[Libre-soc-isa] [Bug 1056] questions and feedback (v2) on OPF RFC ls010
bugzilla-daemon at libre-soc.org
bugzilla-daemon at libre-soc.org
Thu May 25 06:26:17 BST 2023
--- Comment #9 from paulus at ozlabs.org ---
"Register files, elements, and Element-width Overrides" section:
I strongly disagree that the register file should be accessed in little-endian
byte order when the processor is in big-endian mode. Requiring that will make
Simple-V practically unusable in big-endian mode (just as saying that the
register file has to be big-endian always would make Simple-V unusable in
Instead the register file should be accessed in the endian mode of the
processor, because that means that the relationship between array indices in
memory and element numbers in the register file is the identity mapping (or at
worst just the addition of a constant), regardless of endian mode, assuming
that ordinary ld/std (or lfd/stfd) instructions are used to transfer data
between registers and memory.
Elements are not unbounded arrays - there are only a finite number of them that
exist. You don't specify what happens if you run off the end of the register
file. The architecture needs to specify that.

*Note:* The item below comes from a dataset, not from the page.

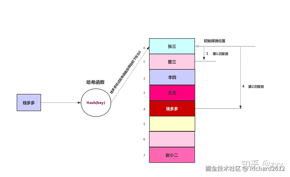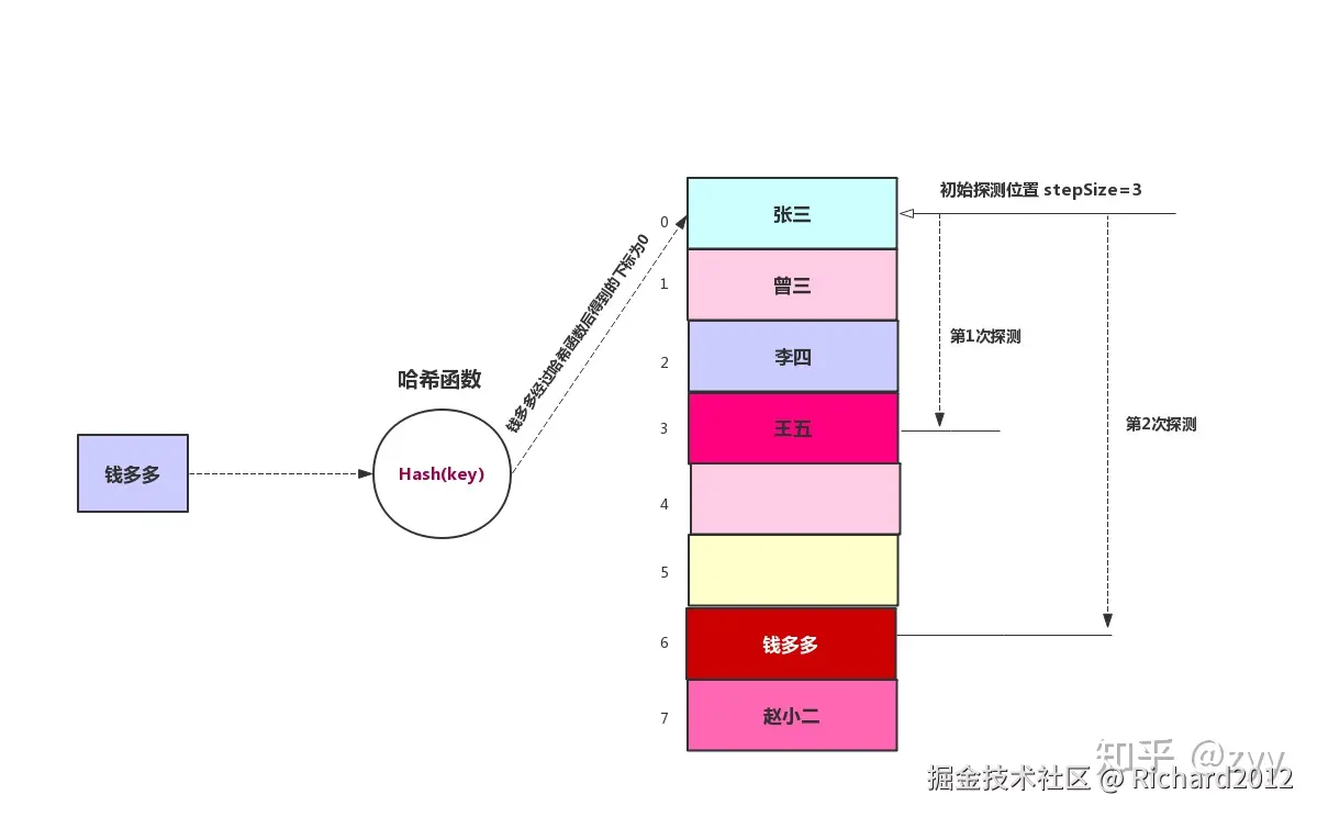 03、使用开放寻址法遍历哈希表,通过nextIndex(i, len)计算下一个索引以处理哈希冲突。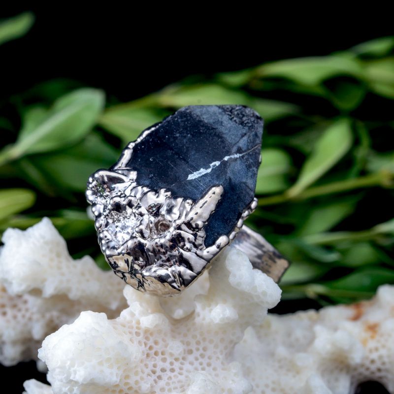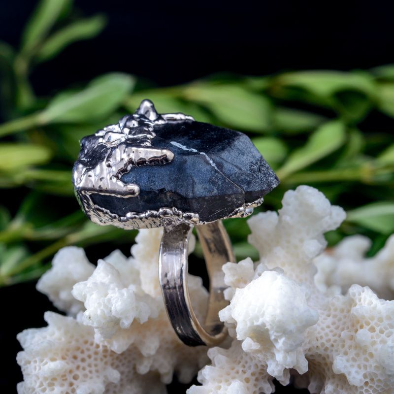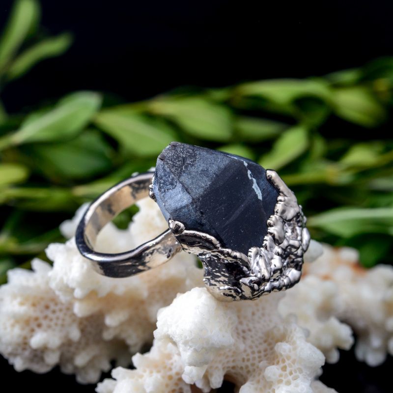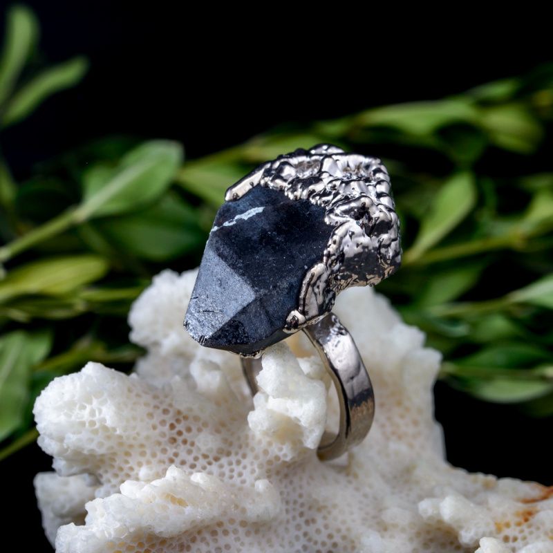 Кольцо с естественным необработанным кристаллом мориона. Серебряное серебро 999 пробы. Полное покрытие белым родием. Кристалл имеет естественные включения, трещинки и шероховатости.

The third dot point is not clearly expressed. I think it means that
element-width overrides cause the register file to be considered as an linear
array of chunks of that width (but the register number specified in the
instruction is still interpreted in 64-bit units, right?).
2nd & 3rd paragraphs: in ANSI C, are you sure that indexing beyond the bounds
of a union is defined behaviour? I'm not, and if it isn't, then ANSI C isn't
the best language to use here.
The sentence about VSX along with the "Future specification note" don't add
anything useful, so drop them. Also, "bounded fixed" sounds awkward.
5th paragraph: As I said, I think this is entirely the wrong choice.
6th paragraph: I think that by "Arithmetic and Logical" you really mean
"Fixed-Point" (as opposed to Floating-Point or Branch). There are
floating-point Arithmetic instructions.
6th & 7th paragraphs: Once again you are hammering the point that the
instruction is not altered, but it is not clear why you need to belabour this.
Is it possible to request saturating arithmetic with the SVP64 prefix on an
addi instruction? If so then that would certainly count as a fundamental change
to the operation being performed.
In fact I think that changing the element width is a fundamental change. But
that's fine - the important thing is that the changes to the instruction's
operation are precisely and fully defined. Saying "nothing is changed" is
obviously not precise or complete, some things are changed (e.g. element
width). Saying "nothing fundamental is changed" doesn't help either, because
there is no definition of "fundamental".
8th paragraph (starting "Element offset numbering"): I have no idea what
"LSB0-sequentially-incrementing" means as opposed to "MSB0-incrementing". You
seem to be projecting your confusion and lack of comprehension of big-endian
bit numbering onto the reader here. (Note that I agree that little-endian bit
numbering is generally easier to use than big-endian bit numbering. But
big-endian bit numbering is a perfectly well-defined and self-consistent
9th paragraph: This is all written from the perspective of someone who only
understands little-endian memory addressing. There are people, including much
of the audience for this ISA, who are very used to big-endian bit and byte
ordering and find it more natural and understandable than little-endian.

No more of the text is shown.